Records contained in a dataset
════

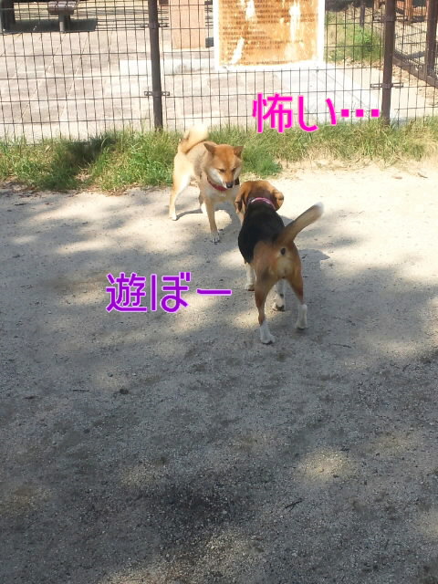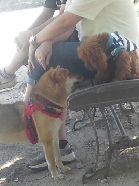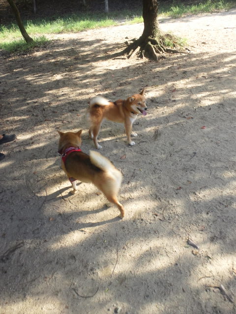 豆柴さくらちゃんとは、微妙な柴距離を保ってグルグルしてました。
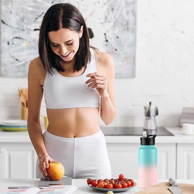 VEGOND 32 oz Insulated Water Bottle Stainless Steel Metal Water Bottles with Leak Proof Straw Lid & Spout Lid, Wide Mouth Double Walled Vacuum Travel Sports Bottle, Green Pink
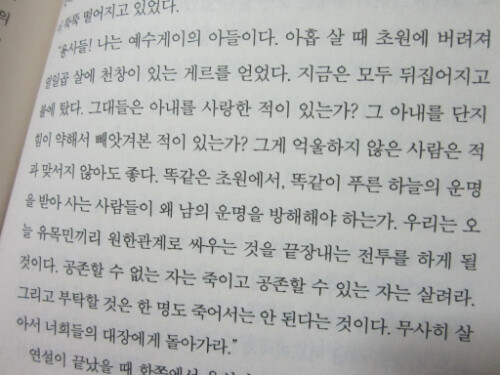 그래서 이 소설은 몽골의 풍경처럼 아름답기도 하고, 몽골인의 기질처럼 강하기도 하고, 아뭏튼 다양한 색채를 띤 그림처럼 여러 모습으로 표현되는 것이다.
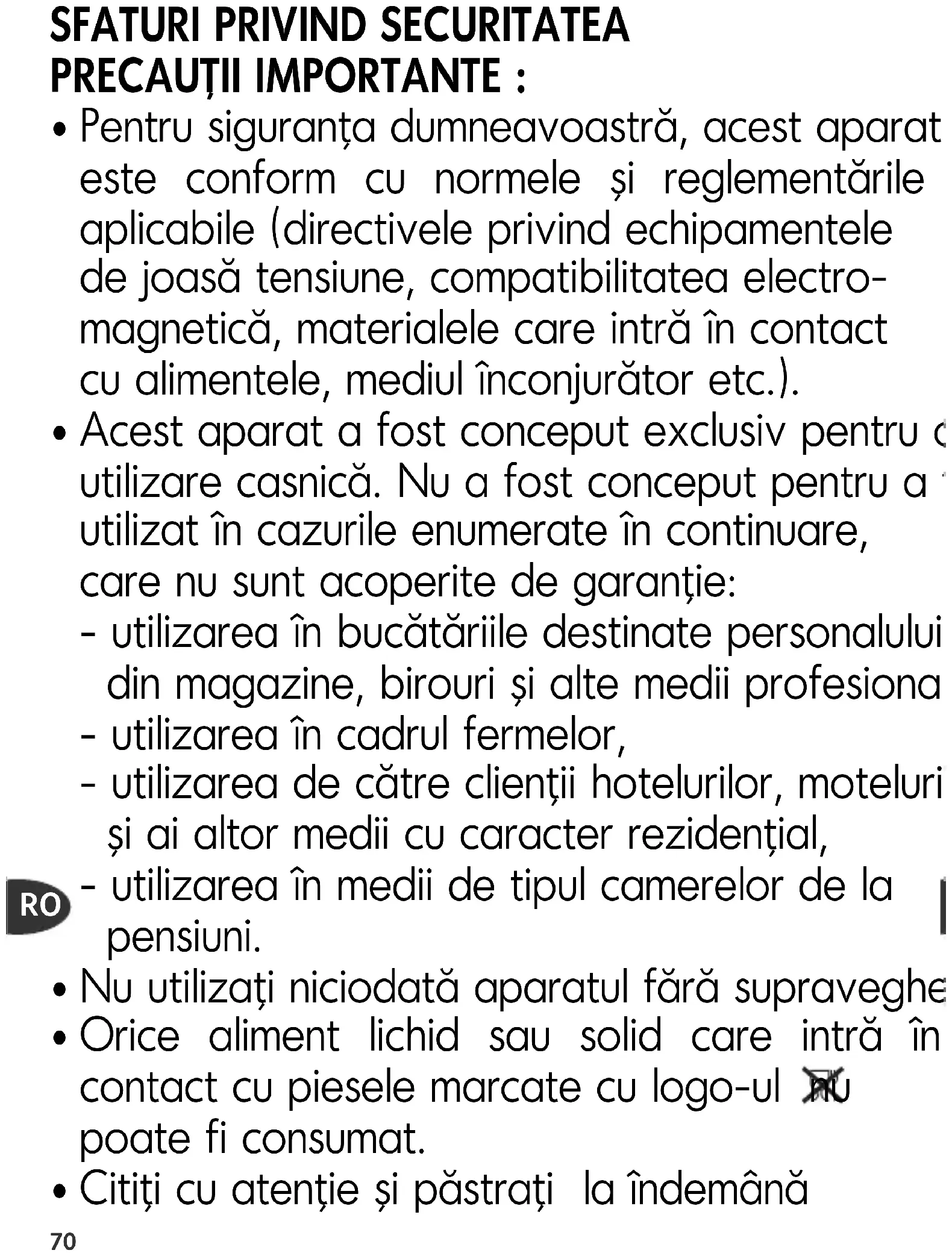 Acest aparat a fost conceput exclusiv pentru o utilizare casnică. Nu a fost conceput pentru a fi utilizat în cazurile enumerate în continuare, care nu sunt acoperite de garanţie: - utilizarea în bucătăriile destinate personalului din magazine, birouri şi alte medii profesionale, - utilizarea în cadrul fermelor, - utilizarea de către clienţii hotelurilor, motelurilor şi ai altor medii cu caracter rezidenţial, - utilizarea în medii de tipul camerelor de la pensiuni.
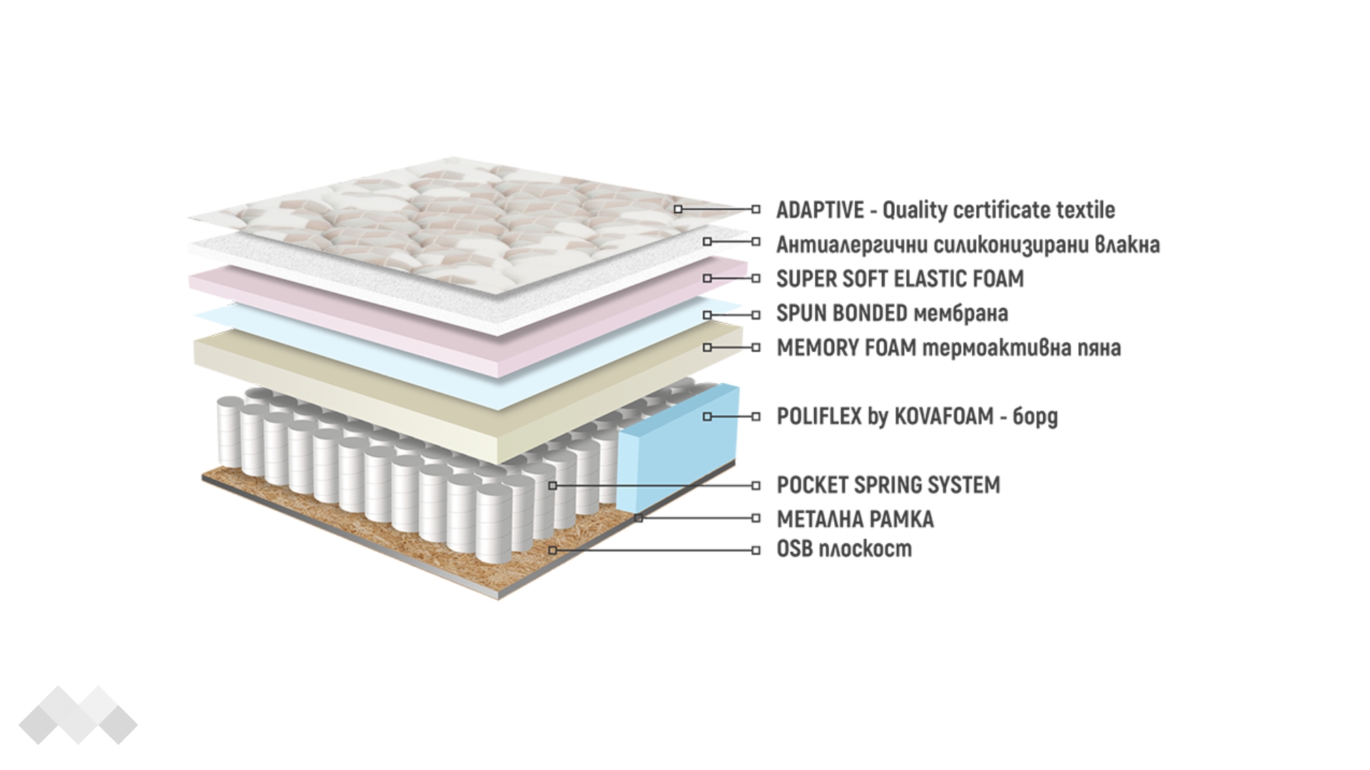 Матраци НАНИ са сред топ производителите на пазара, защото предлагат всичко, необходимо за наистина качествения сън - прецизна изработка, първокласни материали и изобилие от модели за малки и големи. Един от най-популярните им модели е еднолицев матрак Kaspia Relax Memory Pocket или още познат и като Каспия Visco Pocket Spring. Това е отличен вариант за търсещите матрак със средно ниво на твърдост. Невероятната комбинация от термоактивна мемори пяна и индивидуални покет пружини е сред най-предпочитаните, защото освен комфорт, осигурява и правилно позициониране на гръбнака. Pocket пружините са с компактен диаметър и са защитени от стабилизираща рамка от KOVAFOAM пяна.

════

# Directions for this task:
Reproduce only the lines from the first line of the entries through the line containing "Acest aparat a", exactly and with both ends kept. Omit the pictures.

# Result of the task:
 豆柴さくらちゃんとは、微妙な柴距離を保ってグルグルしてました。
 VEGOND 32 oz Insulated Water Bottle Stainless Steel Metal Water Bottles with Leak Proof Straw Lid & Spout Lid, Wide Mouth Double Walled Vacuum Travel Sports Bottle, Green Pink
 그래서 이 소설은 몽골의 풍경처럼 아름답기도 하고, 몽골인의 기질처럼 강하기도 하고, 아뭏튼 다양한 색채를 띤 그림처럼 여러 모습으로 표현되는 것이다.
 Acest aparat a fost conceput exclusiv pentru o utilizare casnică. Nu a fost conceput pentru a fi utilizat în cazurile enumerate în continuare, care nu sunt acoperite de garanţie: - utilizarea în bucătăriile destinate personalului din magazine, birouri şi alte medii profesionale, - utilizarea în cadrul fermelor, - utilizarea de către clienţii hotelurilor, motelurilor şi ai altor medii cu caracter rezidenţial, - utilizarea în medii de tipul camerelor de la pensiuni.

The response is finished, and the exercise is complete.